Weird stuff to have to think about. I just want to write code
by 2ndorderthought
5/9/2026 at 8:20:06 PM
> they decide what features are prioritizedthis is not true; the other comment is wrong. there is no central body at all that "decides" what features are prioritized. features are simply worked on by whomever has the capacity, ability, and desire to do so.
many engineers at JuliaHub have all three of the capacity, ability, and desire to work on certain features because JuliaHub, in its capacity as a private business, pays them to do so. but with respect to Julia the programming language these are "just" third party contributions like any other.
by postflopclarity
5/9/2026 at 9:43:24 PM
So when I was googling it I was seeing a few other corporate activities seemingly coming from the other major contributors of the language outside of Julia hub? It looks like pumas AI has a few of the same people as Julia hub. Or am I misunderstanding the situation?From a quick Google search it looked kind of like a bunch of MIT staff/professors(?) are getting students to churn out code for a variety of business interests. Just doesn't seem right in the surface and does make me wonder about what other things happen knowing what I know about human behavior.

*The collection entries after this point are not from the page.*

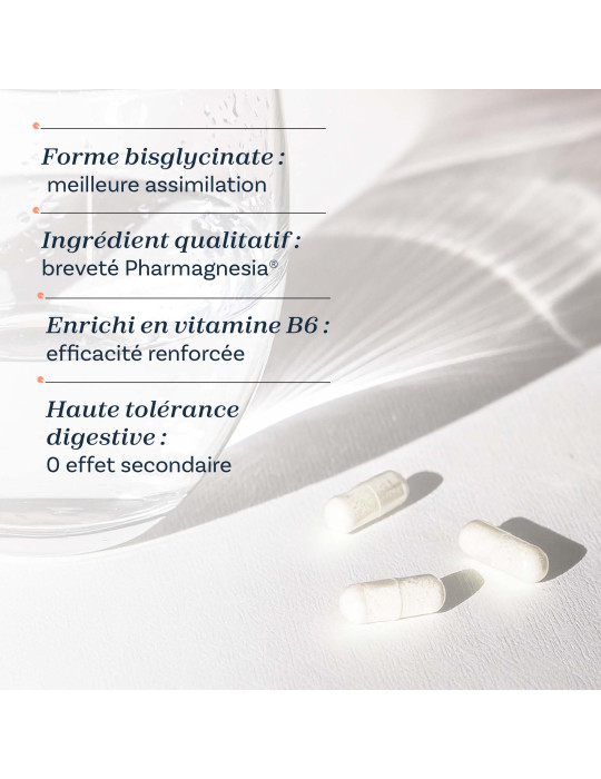 O bisglicinato de magnésio é uma das formas mais bem absorvidas, sendo a sua assimilação reforçada pela vitamina B6. Ao contrário de outras formas (óxido, marinho...), é suave para o estômago e garante uma eficácia óptima sem desconforto digestivo.
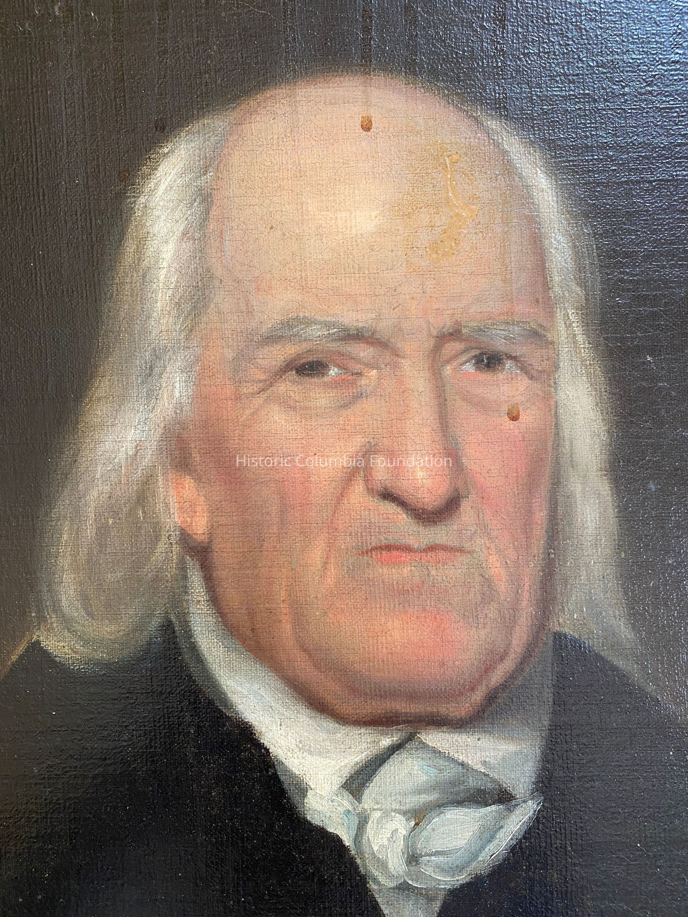 Oil on canvas painting of an elderly white man in a half-length portrait. Depicted against a dark backdrop, the figure has brown eyes and stares outward at the viewer. He is balding on the top of his head and has long white hair along the sides. A white cravat is secured around his neck and is tucked against his collared white shirt and black suitcoat. Dripping varnish and previous attempts to conserve the painting disfigure portions of the man's face and surroundings. The painting is secured in a wooden frame.Type of Painting
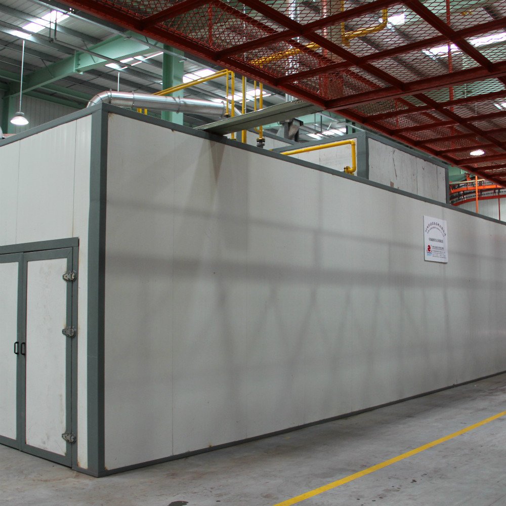 涂装工序中为减少环境对涂装品质的影响及涂装工艺对车间大环境的影响,对喷粉工艺段、喷漆工艺段等进行隔离设置,搭建隔离房。隔离房可用阻燃库板、玻璃等材质制作。
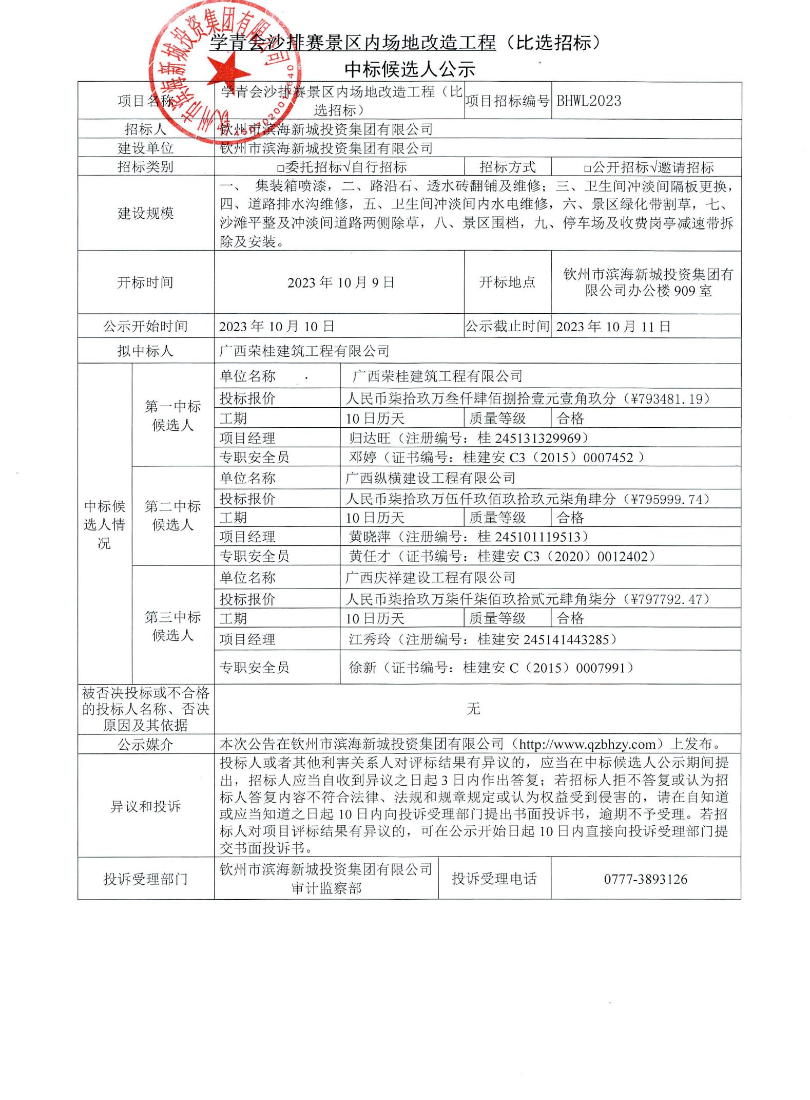 學(xué)青會(huì)沙排賽景區(qū)內(nèi)場地改造工程(比選招標(biāo))中標(biāo)候選人公示

I am personally not interested that's for sure. Thanks for sharing your experiences though.
by 2ndorderthought
5/9/2026 at 3:31:10 PM
> I like the more opaque approach rust takes. Rust has its own issues but it seems less corporately motivated. Maybe that's why it has more corporations using it?I don’t if these are contradictory exactly but it seems to come from a very cluttered space.
by kelipso
5/9/2026 at 1:39:58 PM
Meh, I’ve never been associated with the company and AFAICT they provide value through platforms for enterprises. Not everyone gets OSS sponsorships to fund team (and using a social media presence to achieve this was a post-Julia phenomenon).It’s nothing like Google-the-ad-company influencing Chrome. The company consumes Julia for products to sell, rather. Maybe this affects the ordering of features landing, but… meh.